This, essentially, is a uniquely Jewish doctrine, notwithstanding that the poll revealed that a few religions and sects had slightly higher percentages of adherents who believes that “many religions can lead to eternal life” than did Jews. Most were lower, with the Mormons having the lowest such percentage (39%), and the religions that emerged from Judaism showing percentages ranging from 56% to 83%. The Jewish conclusion that “many religions can lead to eternal life” – odd in light of the fact that Judaism also claims exclusive truth – emerges from a Talmudic discussion (Sanhedrin 105a) and codified by the Rambam twice, most famously in Hilchot Melachim (The Laws of Kings) 8:11: “All who accept the seven Noachide laws and are careful to observe them are the pious one of the nations of the world and have a share in the world-to-come (i.e., eternal life)…” Those Noachide laws are the basic building blocks of civilization, prohibitions against homicide, robbery, idolatry, sexual misconduct, blasphemy, tearing a limb from a living animal and the positive commandment of maintaining a system of justice to enforce the other obligations.
Although Rambam does require that acceptance of the Noachide laws must be based on the Bible, the fundamental point established is that non-Jews need not become Jewish in order to merit eternal life, and not even to live moral and meaningful lives in which they relate to G-d. For that reason, Jews do not proselytize. Sadly, at least 5% of Jews are unaware of this, but even more sadly, it seems that many more Jews answered this question correctly but accidently, not knowing of the Rambam’s opinion but simply afraid or unwilling to opine that Judaism is the one, true faith.
This is borne out by other statistics uncover the state of Jewish belief (or better, the beliefs of Jews) today. Approximately 84% of Jews believe that abortion should be legal in all or most cases, far more than any other religious grouping, with an astounding 40% of those asserting that abortion should be legal “in all cases.” All cases? Ninth month?! Mother in labor?! No restrictions at all? Abortion on demand! Even people who described themselves as unaffiliated with any religion (!) approved of abortions less frequently than did Jews; apparently, worship of personal autonomy over one’s body has made abortion a sacrament for many Jews. Conversely, 5% of Jews believed that abortion should be illegal “in all cases,” a clear misstatement of Jewish law as well. I wonder if those are the same 5% as above; from where are they acquiring their knowledge of Torah.

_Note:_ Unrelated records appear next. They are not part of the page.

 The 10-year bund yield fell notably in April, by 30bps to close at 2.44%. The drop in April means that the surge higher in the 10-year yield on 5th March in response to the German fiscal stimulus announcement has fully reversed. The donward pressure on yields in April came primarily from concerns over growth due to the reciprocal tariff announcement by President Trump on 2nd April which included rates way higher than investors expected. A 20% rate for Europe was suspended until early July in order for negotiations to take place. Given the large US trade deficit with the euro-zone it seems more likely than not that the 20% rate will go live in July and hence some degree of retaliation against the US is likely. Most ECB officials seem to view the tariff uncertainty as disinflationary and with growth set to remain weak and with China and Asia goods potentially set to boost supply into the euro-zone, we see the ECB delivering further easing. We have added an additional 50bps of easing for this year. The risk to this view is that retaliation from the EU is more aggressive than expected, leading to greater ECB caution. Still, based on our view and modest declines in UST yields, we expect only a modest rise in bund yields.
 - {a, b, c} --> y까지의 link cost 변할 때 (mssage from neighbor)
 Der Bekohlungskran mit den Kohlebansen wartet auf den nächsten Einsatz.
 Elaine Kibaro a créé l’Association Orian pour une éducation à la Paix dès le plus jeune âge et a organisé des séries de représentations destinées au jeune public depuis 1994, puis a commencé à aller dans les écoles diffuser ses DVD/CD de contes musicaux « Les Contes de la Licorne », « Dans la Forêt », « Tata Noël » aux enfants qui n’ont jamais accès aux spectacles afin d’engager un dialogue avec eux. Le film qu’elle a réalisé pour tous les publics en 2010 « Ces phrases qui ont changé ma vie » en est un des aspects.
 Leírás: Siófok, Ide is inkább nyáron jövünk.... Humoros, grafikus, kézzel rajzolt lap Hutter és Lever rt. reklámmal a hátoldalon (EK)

Similarly, 79% of Jews believed that homosexuality should be “accepted by society,” a number that again far exceeded any other religion or denomination except for the Buddhists (82%) who must also be practicing Democrats as well. A scant 15% of Jews averred that homosexuality should be “discouraged by society,” itself an inelegant phrasing of the issue. How would society “discourage” homosexuality even if it could? “Acceptance” might be interpreted as legalization, or protection within the law, but then “discouragement” is not its antithesis. Pew may have meant to distinguish “acceptance” not from rejection or discouragement but from celebration, legitimization and/or adoration of homosexuality, which is where American society is heading today, and which would have generated among the Jewish respondents here the same lopsided answer. “Acceptance” rates of homosexuality among evangelical Christians, Mormons and Muslims all hovered in the 25% range – less than a third of the Jewish rate.

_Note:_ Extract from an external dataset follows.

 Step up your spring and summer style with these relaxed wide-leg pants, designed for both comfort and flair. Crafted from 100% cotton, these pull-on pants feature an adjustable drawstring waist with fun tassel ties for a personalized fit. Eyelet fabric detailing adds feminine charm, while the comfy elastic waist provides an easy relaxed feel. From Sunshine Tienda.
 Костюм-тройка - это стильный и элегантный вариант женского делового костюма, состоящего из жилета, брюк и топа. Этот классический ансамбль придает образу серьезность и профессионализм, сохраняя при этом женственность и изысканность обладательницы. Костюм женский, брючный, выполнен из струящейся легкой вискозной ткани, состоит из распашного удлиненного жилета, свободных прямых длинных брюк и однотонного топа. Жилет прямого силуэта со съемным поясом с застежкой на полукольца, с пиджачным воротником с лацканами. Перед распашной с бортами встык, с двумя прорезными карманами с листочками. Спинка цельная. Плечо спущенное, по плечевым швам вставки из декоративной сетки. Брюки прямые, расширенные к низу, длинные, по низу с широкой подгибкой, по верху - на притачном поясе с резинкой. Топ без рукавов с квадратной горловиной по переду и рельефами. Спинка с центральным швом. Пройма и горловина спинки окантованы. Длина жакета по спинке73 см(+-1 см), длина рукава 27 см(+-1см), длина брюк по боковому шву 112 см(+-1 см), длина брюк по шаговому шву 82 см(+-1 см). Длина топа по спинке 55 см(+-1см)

One flaw in the study, alluded to above, is that the respondents self-identify the religion of their choice. One of the anomalies of American-Jewish life is the large number of people who identify or perceive themselves as Jews when Jewish law deems otherwise, while many others – with the most non-Jewish sounding name – are actually Jews according to Jewish law. That is the price of intermarriage and assimilation, and those individuals number in the hundreds of thousands, a staggering figure given the undersized Jewish community. Pew calculated that 1.7% of Americans are Jews, but 4% identify as atheists or agnostics, but one can assume that those groups are disproportionately Jewish, at least by birth through one Jewish parent.
Tellingly, a scant 41% of Jews said they were absolutely certain of G-d’s existence, and 10% did not believe in G-d at all. Both figures were again surpassed only by Buddhists; Christians “absolutely certain” belief in G-d was almost double that of Jews.

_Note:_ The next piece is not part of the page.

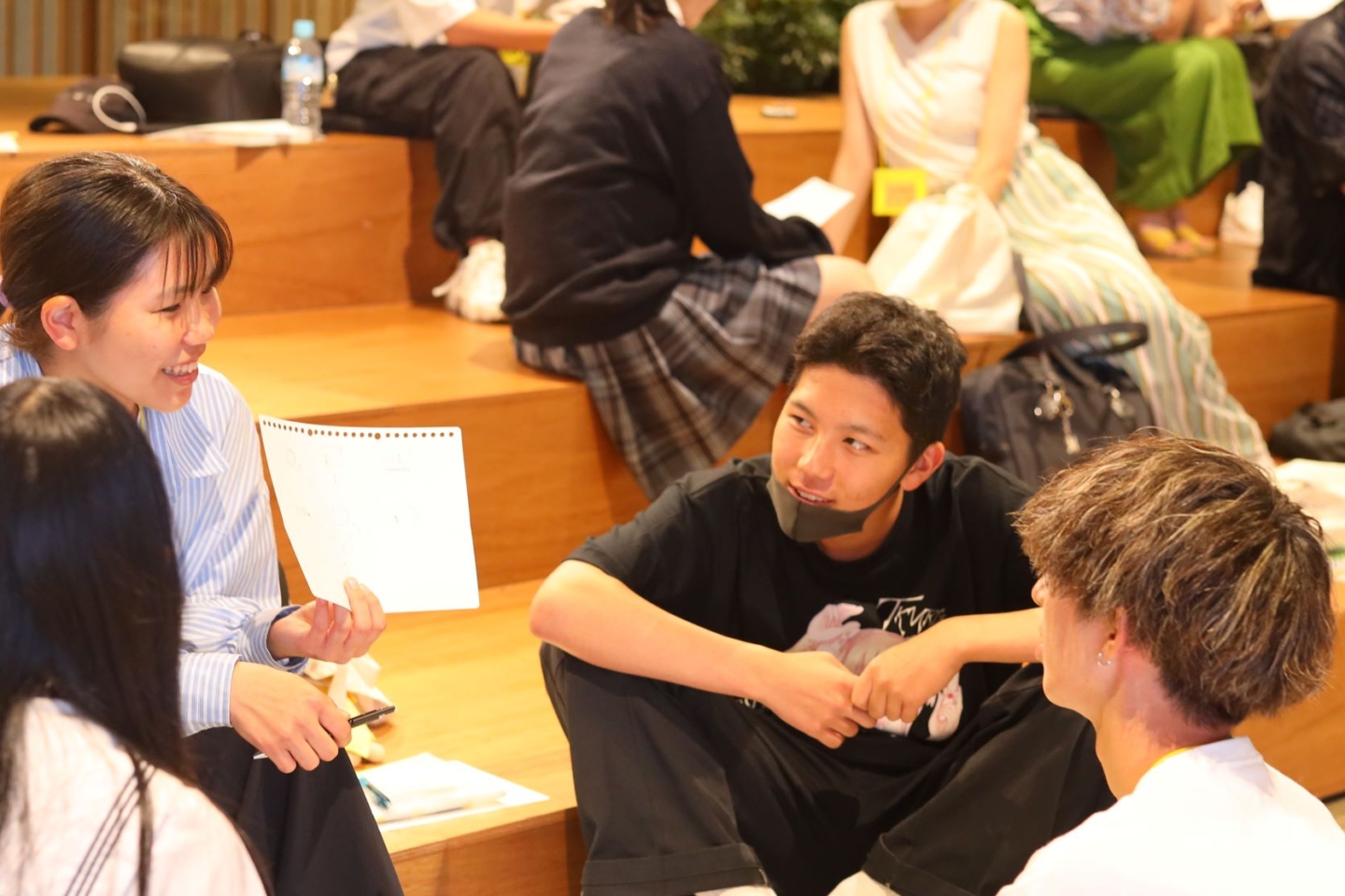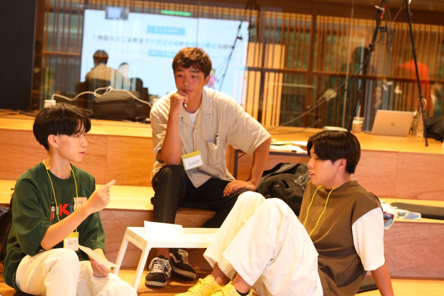 開催場所のユーザベース本社は「作業」する場所ではなく、「共創」する場所として設計されているおしゃれな空間で、本イベントを開催したスペースも、段差がありリラックスして対話できる設計です。時間が経つにつれ、笑顔が増えてきて、笑い声が起きるグループや、真剣に話を聞くグループなど、熱量が生まれていました。

As such, it is to be assumed that few Jewish respondents answered the questions by accessing their knowledge of Jewish law or philosophy, but rather by looking into themselves, or the repository of ideas and values they have accumulated over the years from mere living, and answered accordingly. Most Jews do not speak Jewish or think Jewish; many even claim – sincerely – that Judaism does not mandate any particular beliefs, values or deeds, but rather seeks goodness and kindness from its faithful. Of course, goodness and kindness are quite important to Judaism – as they are to most religions – but Judaism is ultimately defined by the divine revelation of 613 commandments, 13 fundamental principles of faith and a commitment to live a divinely-inspired life, part of a people of destiny and eternity.
We also have the highest median age (36) of any group, attributable to the low Jewish birthrate outside the Orthodox community. It would seem that the Jewish “religious landscape,” to use Pew’s expression, is quite barren, with lush pockets of verdancy and fruitfulness that literally keep the faith and welcome others to learn about real Judaism and to actually live it in real life. It may not be possible to completely stem the decline and disappearance of most Jews, but many are open, ready and willing to explore their heritage and discover their roots.
Let us strive to be good examples for them.

Another (Mis)Take on Chanuka

        There are few Jewish holidays that are as popular and well-known outside the Jewish world as is Chanuka, and almost none that are subjected to as much misunderstanding and outright distortion. But a recent article in a Maine newspaper set a new standard for mendacity and misrepresentation, in rooting the support for same-sex marriage of an Orthodox rabbi in the miraculous events of Chanuka. The article can be found here (http://www.pressherald.com/opinion/at-hanukkah-rejoicing-over-peaceful-victory-for-same-sex-marriage_2012-12-12.html), and inverts the story of Chanuka on its head in order to make a political point that is shockingly shallow and entirely bereft of Torah wisdom.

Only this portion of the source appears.